■ What the task requires ■
Repeat the lines of the data exactly and exclude any picture among them.
——————————
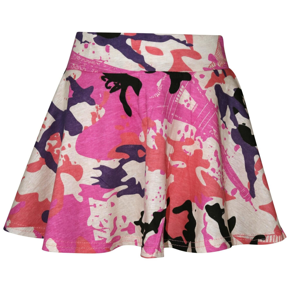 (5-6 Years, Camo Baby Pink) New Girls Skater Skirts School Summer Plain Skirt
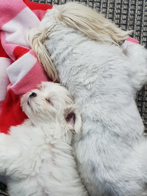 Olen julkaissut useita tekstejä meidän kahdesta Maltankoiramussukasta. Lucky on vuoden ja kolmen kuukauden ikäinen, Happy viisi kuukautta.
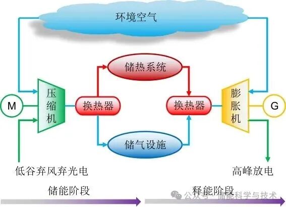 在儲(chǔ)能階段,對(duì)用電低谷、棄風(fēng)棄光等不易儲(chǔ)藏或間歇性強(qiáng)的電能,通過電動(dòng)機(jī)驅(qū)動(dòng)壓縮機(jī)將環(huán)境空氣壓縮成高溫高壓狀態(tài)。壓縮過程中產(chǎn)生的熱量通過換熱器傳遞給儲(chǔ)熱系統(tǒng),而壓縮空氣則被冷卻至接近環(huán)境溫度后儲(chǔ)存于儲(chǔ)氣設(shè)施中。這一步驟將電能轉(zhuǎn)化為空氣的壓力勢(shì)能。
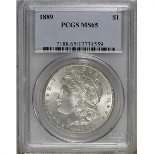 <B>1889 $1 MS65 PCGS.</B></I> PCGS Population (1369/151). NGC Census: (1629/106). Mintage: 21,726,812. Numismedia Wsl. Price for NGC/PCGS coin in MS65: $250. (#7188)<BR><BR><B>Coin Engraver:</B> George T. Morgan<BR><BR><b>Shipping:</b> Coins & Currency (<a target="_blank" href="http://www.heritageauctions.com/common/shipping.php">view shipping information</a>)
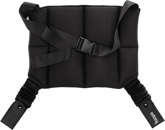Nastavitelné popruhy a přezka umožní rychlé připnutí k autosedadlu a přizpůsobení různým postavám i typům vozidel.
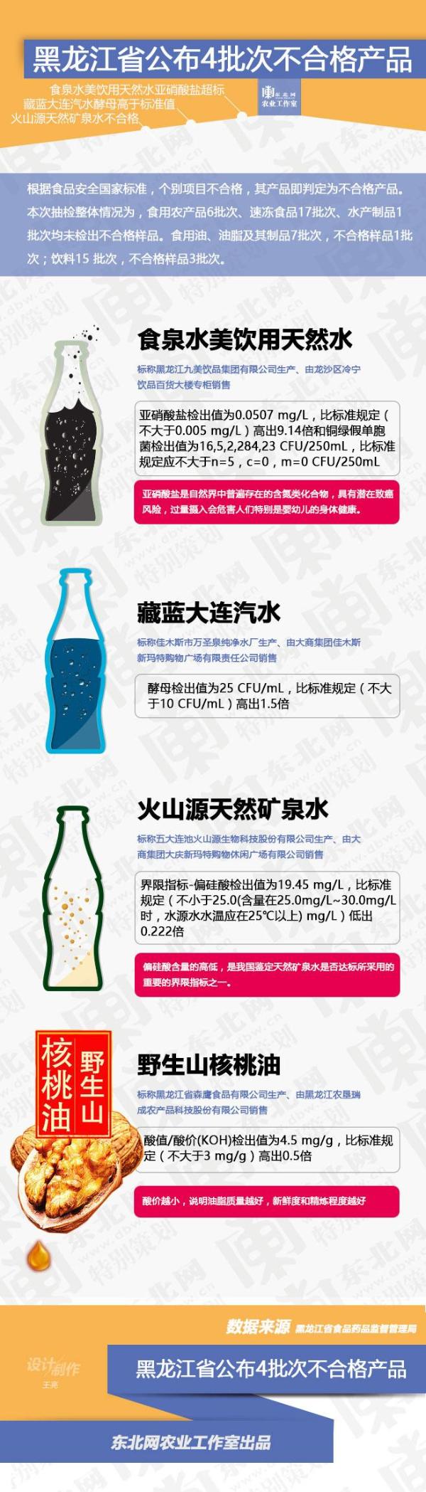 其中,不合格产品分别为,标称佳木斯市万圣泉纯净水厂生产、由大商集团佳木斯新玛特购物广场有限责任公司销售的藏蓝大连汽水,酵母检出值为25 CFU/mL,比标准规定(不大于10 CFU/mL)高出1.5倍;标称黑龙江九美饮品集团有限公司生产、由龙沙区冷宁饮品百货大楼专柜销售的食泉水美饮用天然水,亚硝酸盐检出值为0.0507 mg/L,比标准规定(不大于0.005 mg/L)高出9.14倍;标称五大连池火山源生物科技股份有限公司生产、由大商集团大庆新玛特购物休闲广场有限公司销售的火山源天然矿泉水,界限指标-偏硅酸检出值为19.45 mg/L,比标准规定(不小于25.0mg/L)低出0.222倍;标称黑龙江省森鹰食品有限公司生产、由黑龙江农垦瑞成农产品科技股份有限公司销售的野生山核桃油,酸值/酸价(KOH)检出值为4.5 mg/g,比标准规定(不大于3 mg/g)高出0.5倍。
——————————
■ Expected output ■
 (5-6 Years, Camo Baby Pink) New Girls Skater Skirts School Summer Plain Skirt
 Olen julkaissut useita tekstejä meidän kahdesta Maltankoiramussukasta. Lucky on vuoden ja kolmen kuukauden ikäinen, Happy viisi kuukautta.
 在儲(chǔ)能階段,對(duì)用電低谷、棄風(fēng)棄光等不易儲(chǔ)藏或間歇性強(qiáng)的電能,通過電動(dòng)機(jī)驅(qū)動(dòng)壓縮機(jī)將環(huán)境空氣壓縮成高溫高壓狀態(tài)。壓縮過程中產(chǎn)生的熱量通過換熱器傳遞給儲(chǔ)熱系統(tǒng),而壓縮空氣則被冷卻至接近環(huán)境溫度后儲(chǔ)存于儲(chǔ)氣設(shè)施中。這一步驟將電能轉(zhuǎn)化為空氣的壓力勢(shì)能。
 <B>1889 $1 MS65 PCGS.</B></I> PCGS Population (1369/151). NGC Census: (1629/106). Mintage: 21,726,812. Numismedia Wsl. Price for NGC/PCGS coin in MS65: $250. (#7188)<BR><BR><B>Coin Engraver:</B> George T. Morgan<BR><BR><b>Shipping:</b> Coins & Currency (<a target="_blank" href="http://www.heritageauctions.com/common/shipping.php">view shipping information</a>)
Nastavitelné popruhy a přezka umožní rychlé připnutí k autosedadlu a přizpůsobení různým postavám i typům vozidel.
 其中,不合格产品分别为,标称佳木斯市万圣泉纯净水厂生产、由大商集团佳木斯新玛特购物广场有限责任公司销售的藏蓝大连汽水,酵母检出值为25 CFU/mL,比标准规定(不大于10 CFU/mL)高出1.5倍;标称黑龙江九美饮品集团有限公司生产、由龙沙区冷宁饮品百货大楼专柜销售的食泉水美饮用天然水,亚硝酸盐检出值为0.0507 mg/L,比标准规定(不大于0.005 mg/L)高出9.14倍;标称五大连池火山源生物科技股份有限公司生产、由大商集团大庆新玛特购物休闲广场有限公司销售的火山源天然矿泉水,界限指标-偏硅酸检出值为19.45 mg/L,比标准规定(不小于25.0mg/L)低出0.222倍;标称黑龙江省森鹰食品有限公司生产、由黑龙江农垦瑞成农产品科技股份有限公司销售的野生山核桃油,酸值/酸价(KOH)检出值为4.5 mg/g,比标准规定(不大于3 mg/g)高出0.5倍。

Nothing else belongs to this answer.